Torreira makes a living playing football. And since the beginning of 2020, little in football has worked out as he would have wanted.
In 2018 and 2019, he was flying high. He had a fine season for Sampdoria. He played at the World Cup. He earned 23 international caps in 24 months as well as a €26million transfer to Arsenal, a big-six club in the world’s most prestigious league.
He then went on to make himself an integral part of the first team in his first season, playing 50 times in all competitions as Arsenal reached the final of the Europa League, a game he started at the heart of manager Unai Emery’s midfield. He had, by all measures, made it.
Then Arsenal sacked Emery, the man who had taken Torreira to north London, and brought in Mikel Arteta. Torreira was soon finding minutes on the pitch harder to come by. He had not got any worse, he was not a fundamentally changed player, but different coaches see football in different ways, and Torreira was deemed unsuitable for Arteta’s vision. An ankle injury only added to his woes.

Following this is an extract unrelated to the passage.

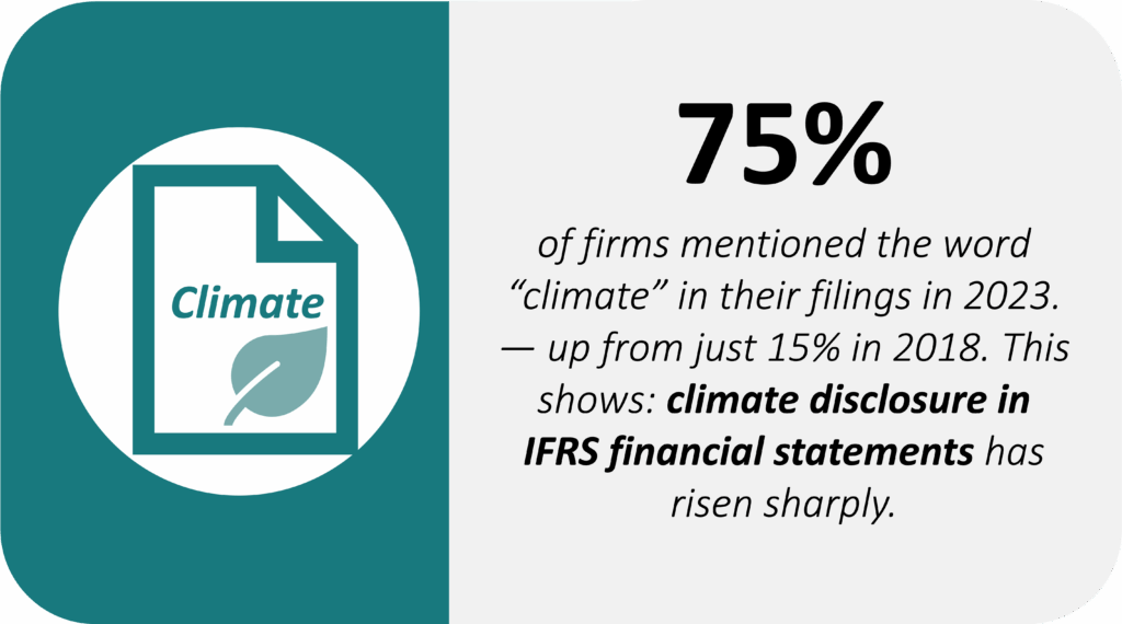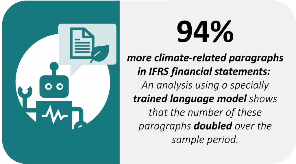 Between 2018 and 2023, climate-related disclosures in IFRS financial statements rose sharply. In 2018, just 15 percent of firms mentioned the word “climate” in their filings; by 2023, that figure had jumped to 75 percent. Similarly, using a language model trained to identify climate-related paragraphs, the research documents that climate-related paragraphs doubled over the sample period. The turning point came in 2021, when the European Securities and Markets Authority (ESMA) declared climate-related disclosures a top enforcement priority. Companies based in countries with more active enforcement authorities reported substantially more climate-related information, pointing to regulatory pressure as a key driver.

Come the end of the 2019-20 season, the Uruguayan was loaned out to Atletico Madrid. “Lucas is honest and wants to leave his soul on the pitch,” Torreira’s father told Libertad Digital, explaining the decision to leave in October 2020, “but that is defined by the coaches and for the current Arsenal manager he didn’t count.”
Yet Spain was a fresh start. Perhaps Atletico coach Diego Simeone’s style would suit Torreira better, perhaps living in a country where he could speak his native tongue would help him settle. Maybe he’d do enough to earn a permanent move.
It made sense. Right at the beginning things looked positive, too. Torreira started against Celta Vigo in the league on October 17 and made five more appearances, scoring one goal, before the month was out.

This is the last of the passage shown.